Before her marriage she was an artist and with her student nurse by Rabindranath Tagore, the Bengal all-rounder and the first Asian Nobel laureate. As opposed to the traditional school system that had its own school for his children - Shanti Niketan-- founded, is also intuitive and still learned by example. The special talent of Manish grandmother was a spiritual song.

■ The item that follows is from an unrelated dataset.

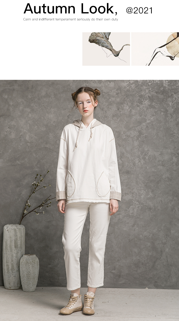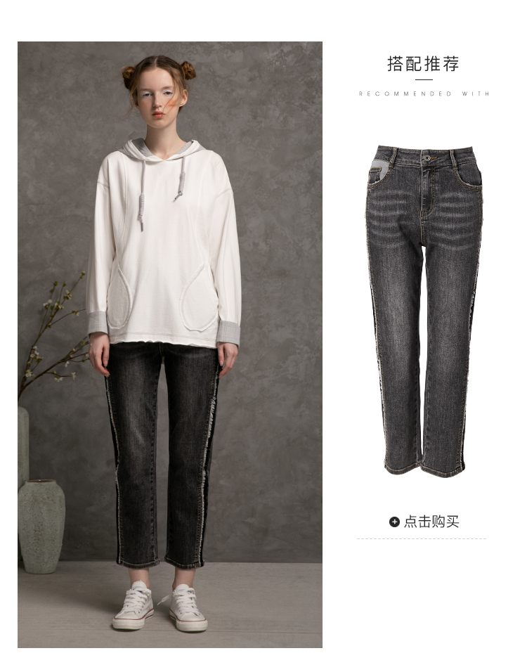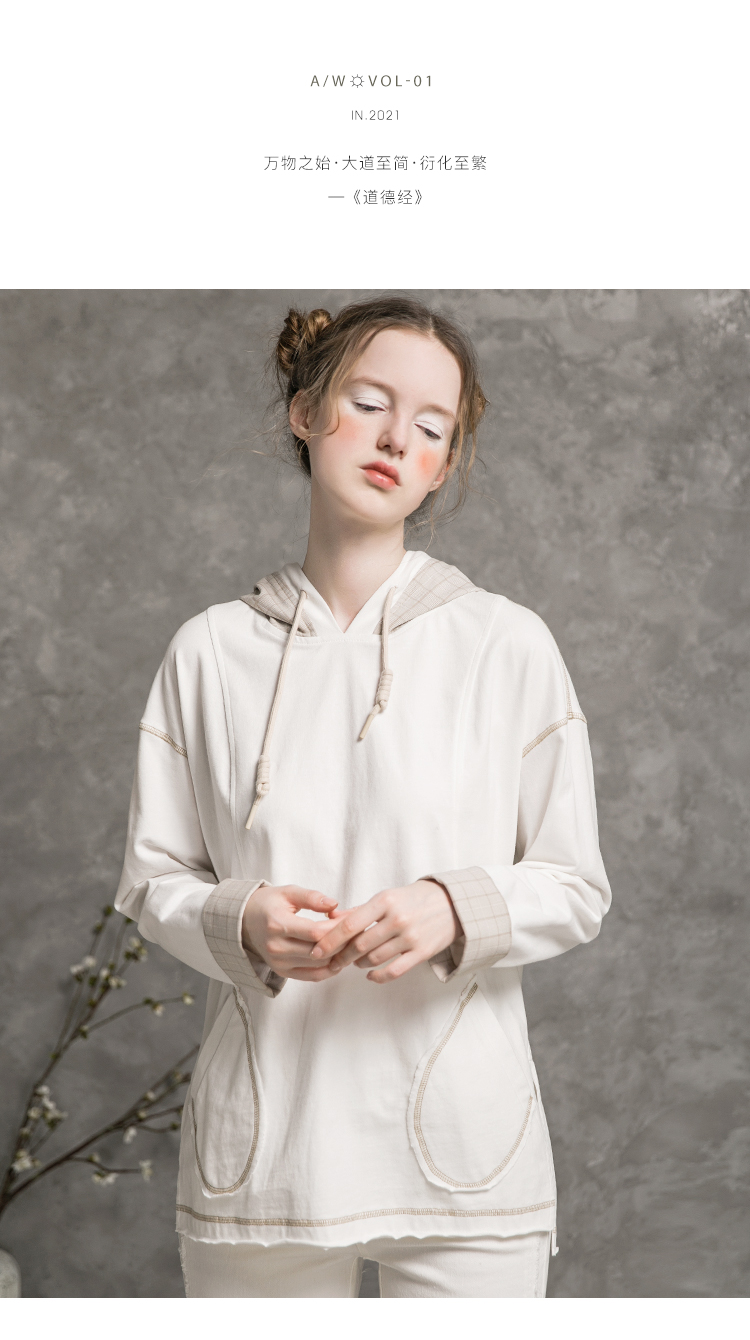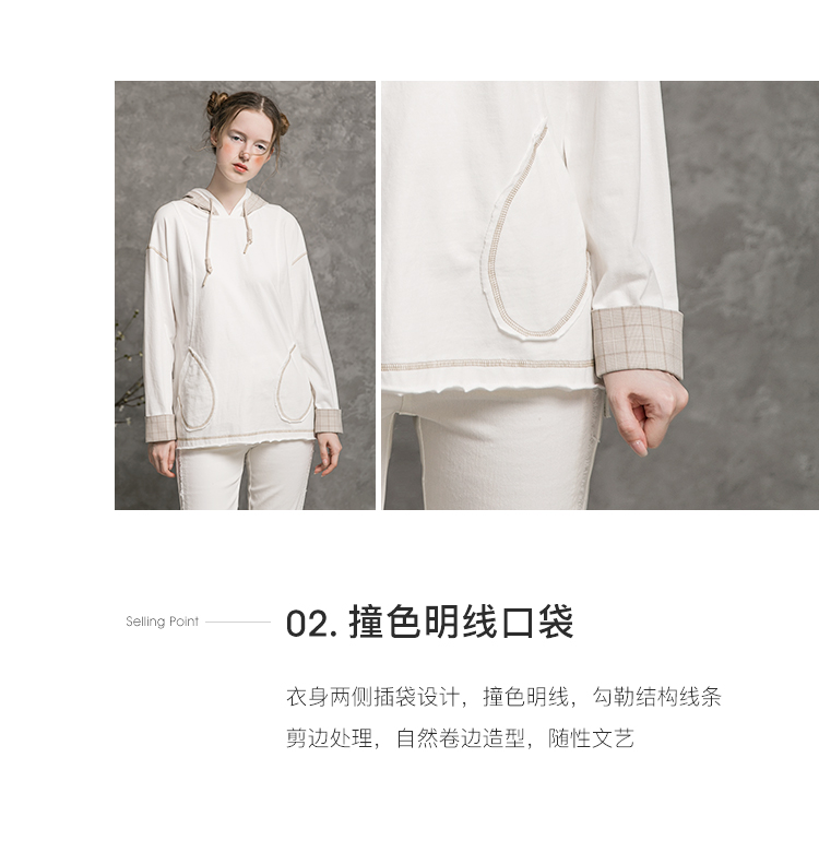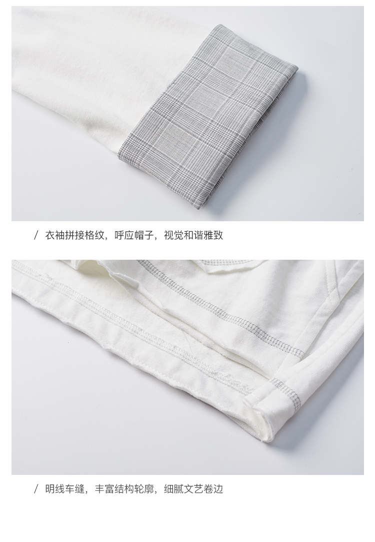 famecoco范可儿秋季连帽卫衣女纯棉长袖设计感宽松灰色上衣D216BL300

"The sister was far more talented than Maa," says Manish. She could not sing very well, but also painting and dancing. When she was married and had children later, she asked her husband one day before a crucial decision: Family or art. "She decided immediately to the arts and left the family," said Manish. What a scandal! But that's another story.
An idyllic childhood
"Maa was not so obsessed with art." After her marriage she sang only in the family and inherited her artistic genes of some of their children - as well as Manish. "Music was for me from the start as the air we breathe," he explained.
He loved the time on the large estate of his grandparents. "It was a beautiful garden with typical Indian food, but also a guava plantation, where I played as you wish with my friends," he recalls.
took after five years of this idyllic life to an abrupt End. Manish parents brought her son to the capital of West Bengal - "for me it was like an exile from paradise," he describes the first major change in his life.
In the next two years he became ill again and again. "So Maa had come regularly and get me for a while to Patna." By the time he got used to living in Calcutta, however, his family and friends to whom he vortanzte always welcome. "Painting and dancing were part of my everyday life". To the annoyance of his father, a teacher, he also decorated the school books and folders with his drawings.
The father's sake
His father was also the one who insisted that the son is studying at the University of Calcutta "economics. Manish did him the favor, however, wrote immediately after the examination in an Institute of Languages.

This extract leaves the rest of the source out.